Alethea Jones is an Australian director, producer and actress. She is best known for her films Lemonade Stand (2012) and Fun Mom Dinner (2017), and the TV-series Queen America.

Career 
Jones's first short film, When the Wind Changes (which she directed and edited), premiered at the 2010 Melbourne International Film Festival and in 2011 won the prestigious Inside Film (IF) Award for Best Short Film as well as the Most Popular Film Award at Flickerfest and Best Comedy and People's Choice awards at the St Kilda Film Festival.

Her big break was directing the short film Lemonade Stand, which won first prize at the 2012 Tropfest Film Festival.
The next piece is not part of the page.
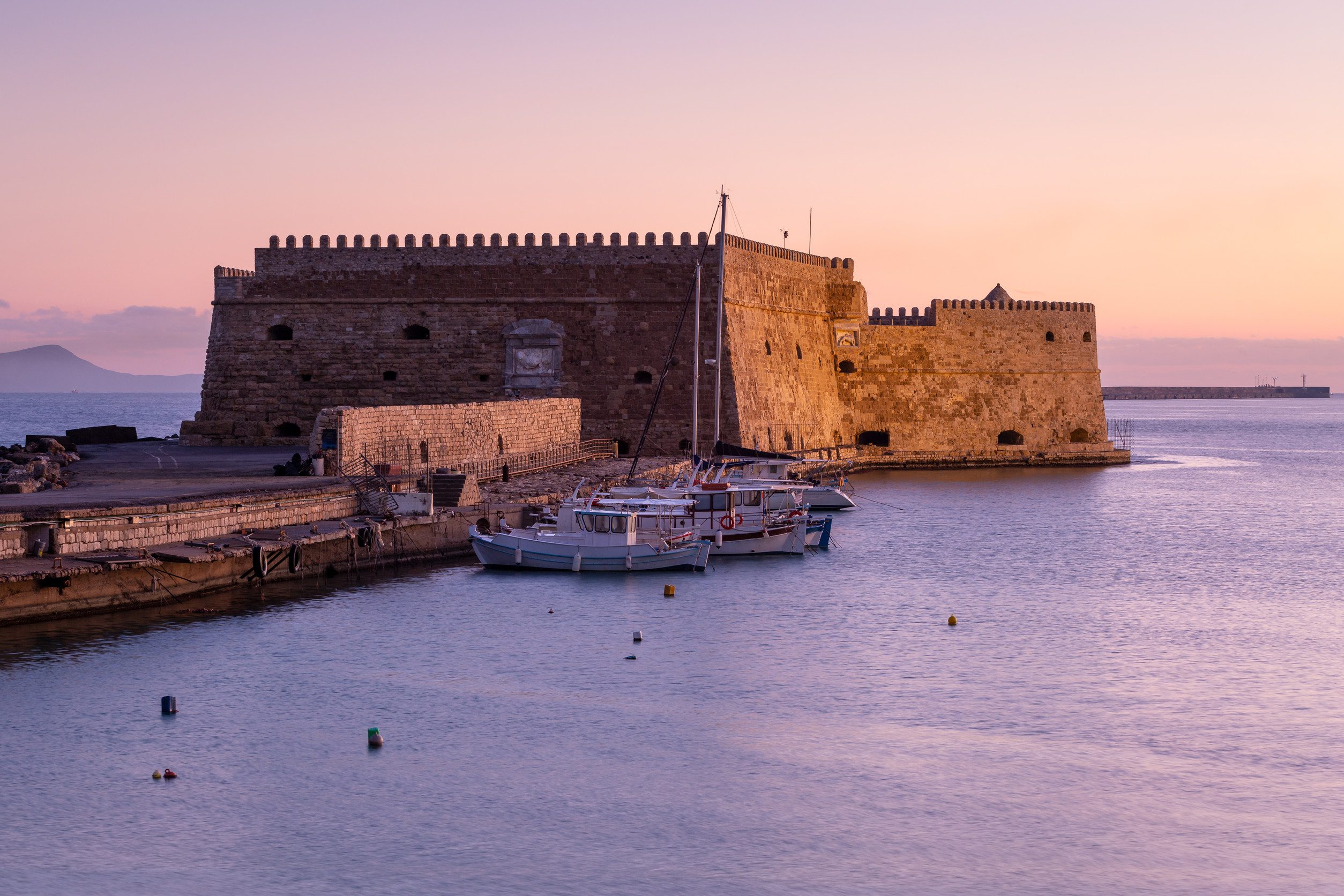 這座位於伊拉克利翁港口的威尼斯古堡,建於16世紀,曾作為防禦海上入侵的要塞。城堡坐落於海堤上,外觀雄偉,是港口的標誌性地標,與周圍的海灣風景相互輝映。

Tropfest founder and director, John Polson said: "Lemonade Stand is an incredibly well made film and a favourite amongst the judges. There was intense discussion in the judging room, and some really interesting debates. Alethea should be very proud to have been selected by some of the industry’s greatest talent."
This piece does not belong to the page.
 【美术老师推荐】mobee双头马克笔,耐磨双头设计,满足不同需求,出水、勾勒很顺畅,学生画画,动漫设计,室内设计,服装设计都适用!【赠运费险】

Her first feature film was Fun Mom Dinner, starring Toni Collette, Paul Rudd, Molly Shannon, Adam Scott, and Adam Levine. The film had its world premiere at the 2017 Sundance Film Festival,

In August 2017, it was announced that Jones would develop and direct the live action Barbie film, starring Anne Hathaway based on a script from Olivia Milch and produced by Sony. In January 2018, Sony lost the rights to the film and it moved across to Warner Brothers with Margot Robbie to star. A new creative team was assembled with the studio change and Hathaway, Jones and Milch did not go across for contractual reasons. Jones is also attached to direct the period musical Big Gay Jamboree, to be produced by LuckyChap Entertainment, from a script being written by Maria Mindelle and Jonathan Parks-Ramage. In October 2022, Jones was announced as the producer and first episode director of Grease: Rise of the Pink Ladies on streaming service Paramount+.

Awards 
 2011 - When the Wind Changes - Best Short Film, Inside Film (IF) Awards
 2012 - Lemonade Stand - First Prize, Tropfest Short Film Festival
 2017 - Breakthrough Award (joint winner), Australians in Film

Personal life

Jones grew up in Northern New South Wales, Australia and graduated from the Victorian College of Arts in 2007.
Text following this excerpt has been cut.